*What you are asked to do:* Leaving the images behind, copy every line of the records exactly.

*Records supplied:*
++++++++++++++++++++

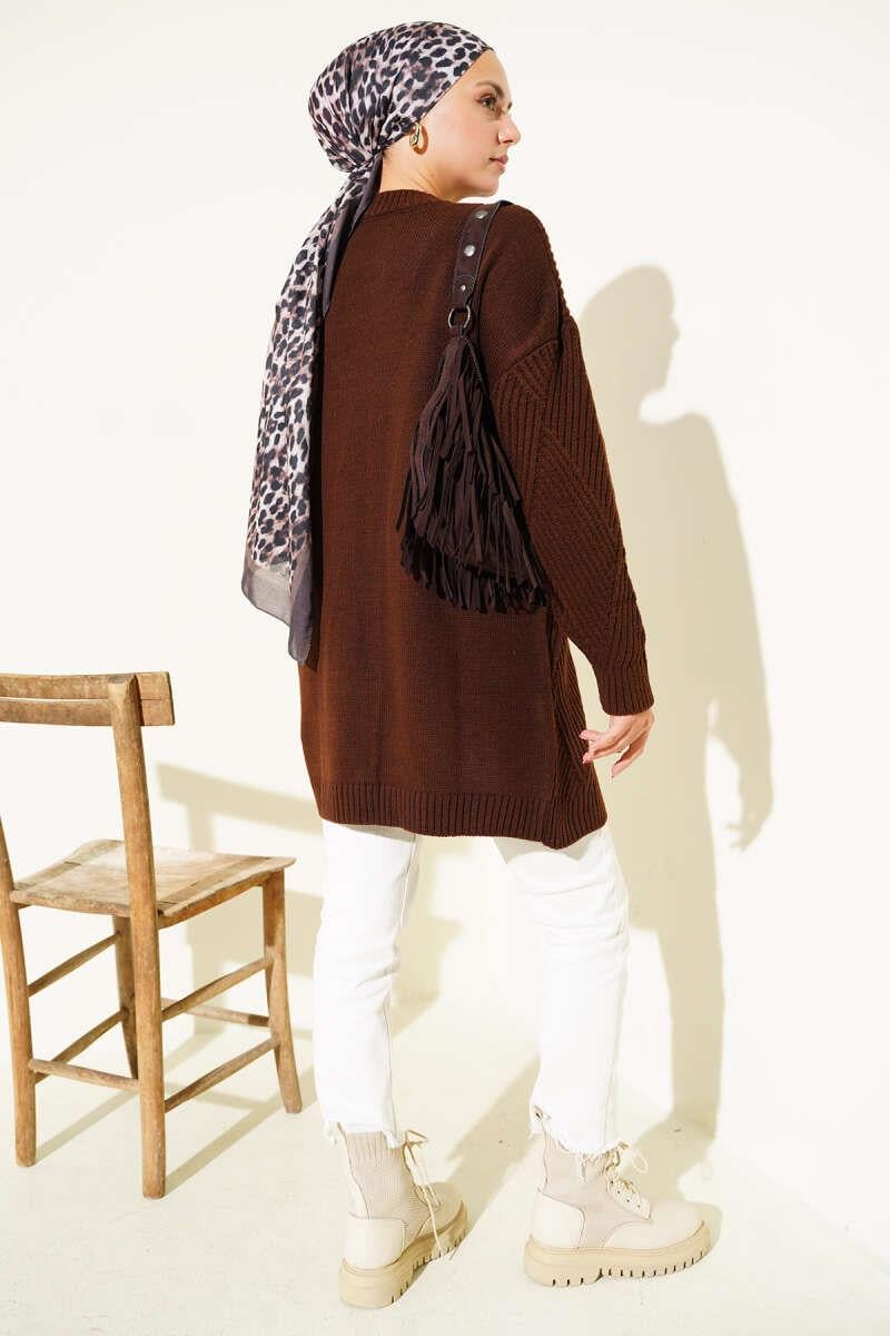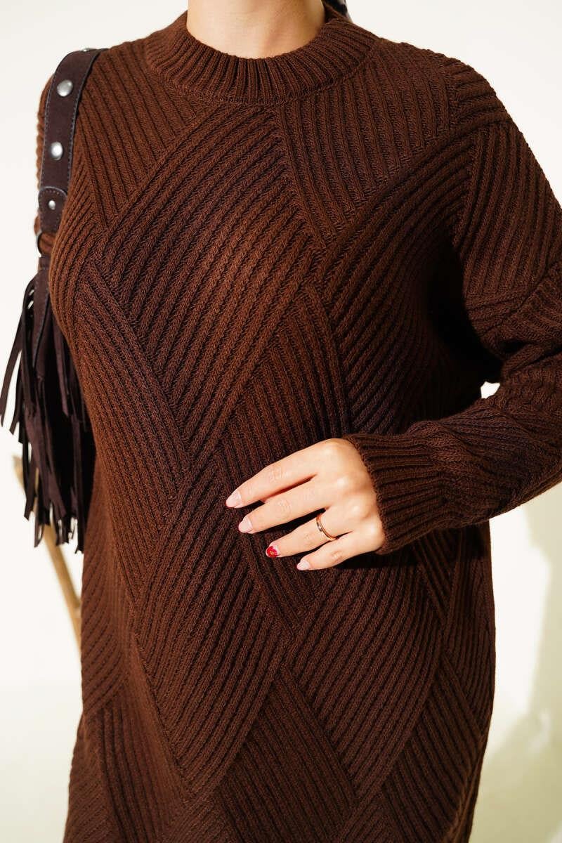 Striped Diamond Pattern Knitwear Tunic Brown (0875-4444-676401)
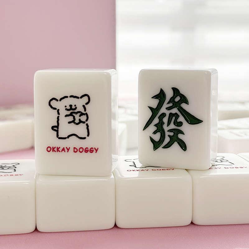 家用麻將手搓牌卡通晶玉可愛okkay小狗宿舍中大40/42/44號麻雀牌
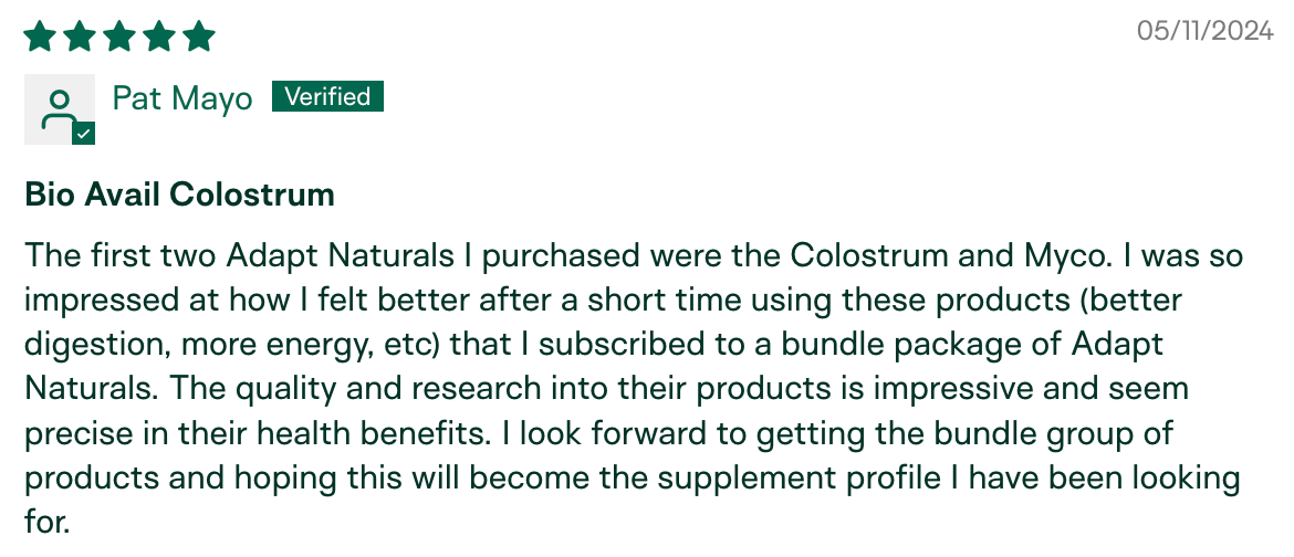"My husband and I both take a daily dose and feel it has kept us healthy even with exposure to sick grandkids a few times. I know it has given me some relief from painful joints brought on by cancer treatments. My husband has a debilitating autoimmunity (LEMS) and using Adapt colostrum helps with his inflammation and energy levels." – Larry Teal, verified buyer
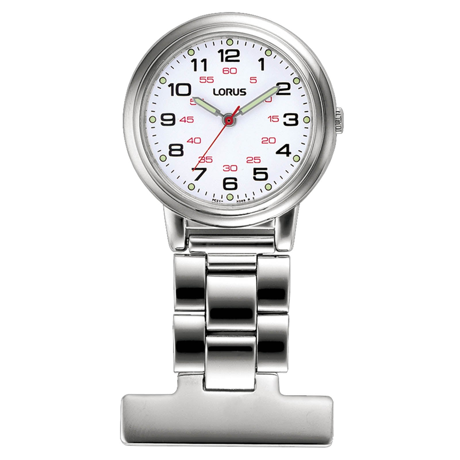 Fast and functional timekeeping, with this nurse’s fob pin from Lorus. With watchmaking expertise from Seiko Watch Corporation, this quartz-powered timepiece was specifically created for healthcare professionals but is suitable for all needing a wearable and convenient timepiece. The semi-luminous hour markers and hands on the white dial add to the practicality of this functional design with readability even in dim light, without the need to turn on a backlight. The robust stainless steel case ensures resilience in active work environments. It has a metal brooch pin attachment for security. Hands-free, water-resistant and easy to read, it is a practical and reliable timekeeper, ideal for those who appreciate functionality in their essential work tools. Lorus: attractively affordable watches, made to last from Seiko Watch Corporation. Specifications Movement Accuracy: +/- 30 seconds a month Calibre: PC21 Movement Type: Quartz Exterior Dial Colour: White Case Material: Zinc Strap/Bracelet: Stainless steel bracelet Strap/Bracelet Width: 12mm Clasp/Buckle: Special buckle Case Thickness: 7.73mm Case Diameter: 30mm Watch Length: 60mm Case Back: Stainless steel case back Other Specifications Water Resistance: 3 bar Crystal Type: Flat mineral crystal Watch Hands: Hour, Minute & second hands Weight: 25g
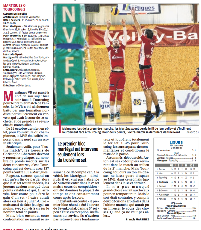 Le grand quotidien régional a suivi notre match face au TLM. Dimanche matin La Provence a titré: '' Le MVB aux abonnés absents''. Selon le quotidien ''les Martégaux ont raté leur match face aux Nordistes''. Francis Martinez auteur de l'article a bien noté que l'extra-match se déroulera finalement dans le Nord : '' Pour deux petits points''. Tous les lendemains de match, retrouvez le compte rendu de la rencontre dans les pages sports de La Provence.
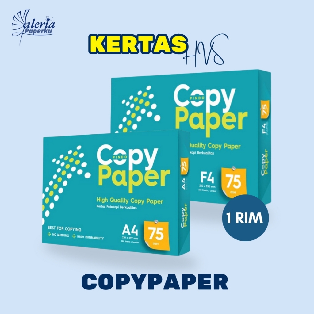 KERTAS HVS COPY PAPER A4 / F4 75 GSM 1 RIM (ISI 500 LEMBAR) | KERTAS HVS A4 F4
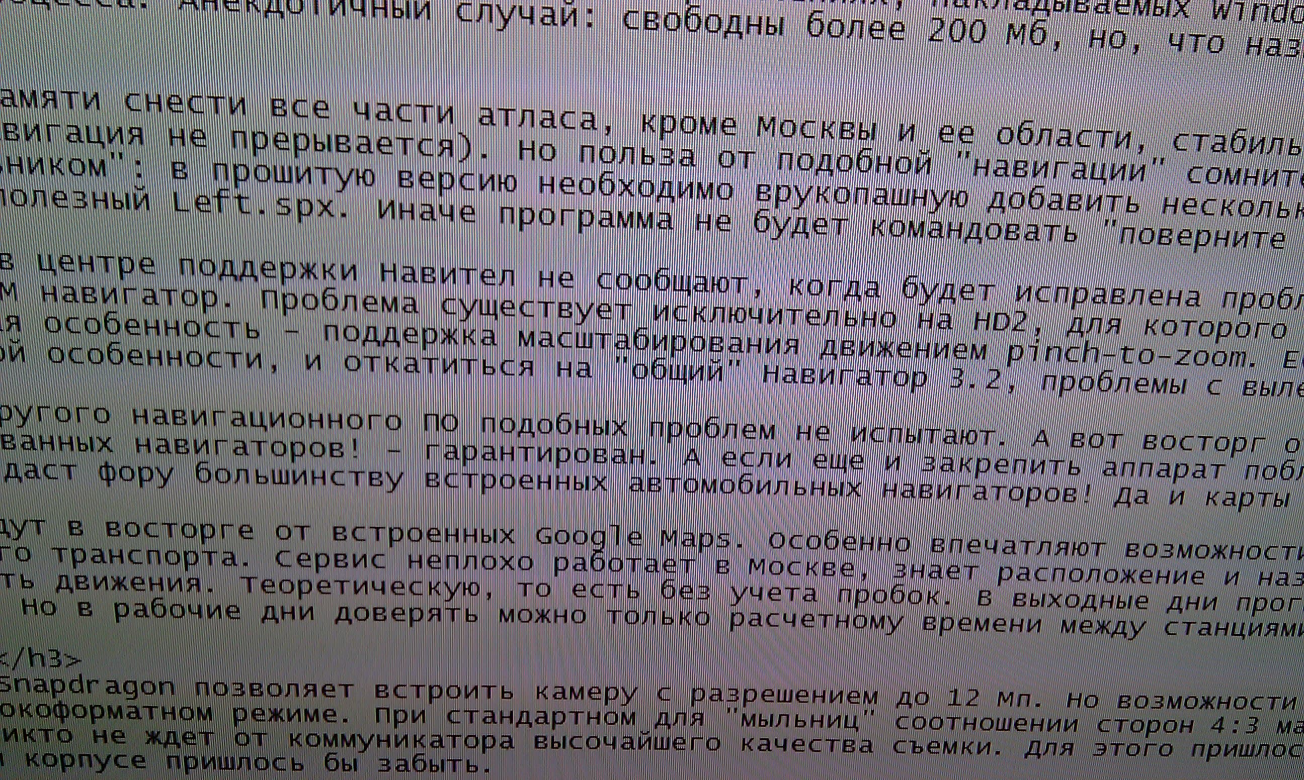 К сожалению, даже в прошивке версии 1.66 (вышедшей 2 февраля) идет нестабильная версия Навигатора. Программа регулярно выпадает с сообщением о нехватке памяти. Особенно часто сие происходит в часы пик, когда на улицах много пробок. Причины этого явления вовсе не в недостатке ОЗУ, а в ограничениях, накладываемых Windows Phone на максимальный размер адресного пространства процесса. Анекдотичный случай: свободны более 200 Мб, но, что называется, «в одни руки» больше 32 никому не достанется.
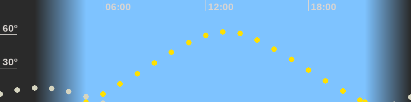 | Höchster Sonnenstand (Kulmination) | 13:09 Uhr (h = 62.2°) |

++++++++++++++++++++

*Solved exercise:*
 Striped Diamond Pattern Knitwear Tunic Brown (0875-4444-676401)
 家用麻將手搓牌卡通晶玉可愛okkay小狗宿舍中大40/42/44號麻雀牌
"My husband and I both take a daily dose and feel it has kept us healthy even with exposure to sick grandkids a few times. I know it has given me some relief from painful joints brought on by cancer treatments. My husband has a debilitating autoimmunity (LEMS) and using Adapt colostrum helps with his inflammation and energy levels." – Larry Teal, verified buyer
 Fast and functional timekeeping, with this nurse’s fob pin from Lorus. With watchmaking expertise from Seiko Watch Corporation, this quartz-powered timepiece was specifically created for healthcare professionals but is suitable for all needing a wearable and convenient timepiece. The semi-luminous hour markers and hands on the white dial add to the practicality of this functional design with readability even in dim light, without the need to turn on a backlight. The robust stainless steel case ensures resilience in active work environments. It has a metal brooch pin attachment for security. Hands-free, water-resistant and easy to read, it is a practical and reliable timekeeper, ideal for those who appreciate functionality in their essential work tools. Lorus: attractively affordable watches, made to last from Seiko Watch Corporation. Specifications Movement Accuracy: +/- 30 seconds a month Calibre: PC21 Movement Type: Quartz Exterior Dial Colour: White Case Material: Zinc Strap/Bracelet: Stainless steel bracelet Strap/Bracelet Width: 12mm Clasp/Buckle: Special buckle Case Thickness: 7.73mm Case Diameter: 30mm Watch Length: 60mm Case Back: Stainless steel case back Other Specifications Water Resistance: 3 bar Crystal Type: Flat mineral crystal Watch Hands: Hour, Minute & second hands Weight: 25g
 Le grand quotidien régional a suivi notre match face au TLM. Dimanche matin La Provence a titré: '' Le MVB aux abonnés absents''. Selon le quotidien ''les Martégaux ont raté leur match face aux Nordistes''. Francis Martinez auteur de l'article a bien noté que l'extra-match se déroulera finalement dans le Nord : '' Pour deux petits points''. Tous les lendemains de match, retrouvez le compte rendu de la rencontre dans les pages sports de La Provence.
 KERTAS HVS COPY PAPER A4 / F4 75 GSM 1 RIM (ISI 500 LEMBAR) | KERTAS HVS A4 F4
 К сожалению, даже в прошивке версии 1.66 (вышедшей 2 февраля) идет нестабильная версия Навигатора. Программа регулярно выпадает с сообщением о нехватке памяти. Особенно часто сие происходит в часы пик, когда на улицах много пробок. Причины этого явления вовсе не в недостатке ОЗУ, а в ограничениях, накладываемых Windows Phone на максимальный размер адресного пространства процесса. Анекдотичный случай: свободны более 200 Мб, но, что называется, «в одни руки» больше 32 никому не достанется.
 | Höchster Sonnenstand (Kulmination) | 13:09 Uhr (h = 62.2°) |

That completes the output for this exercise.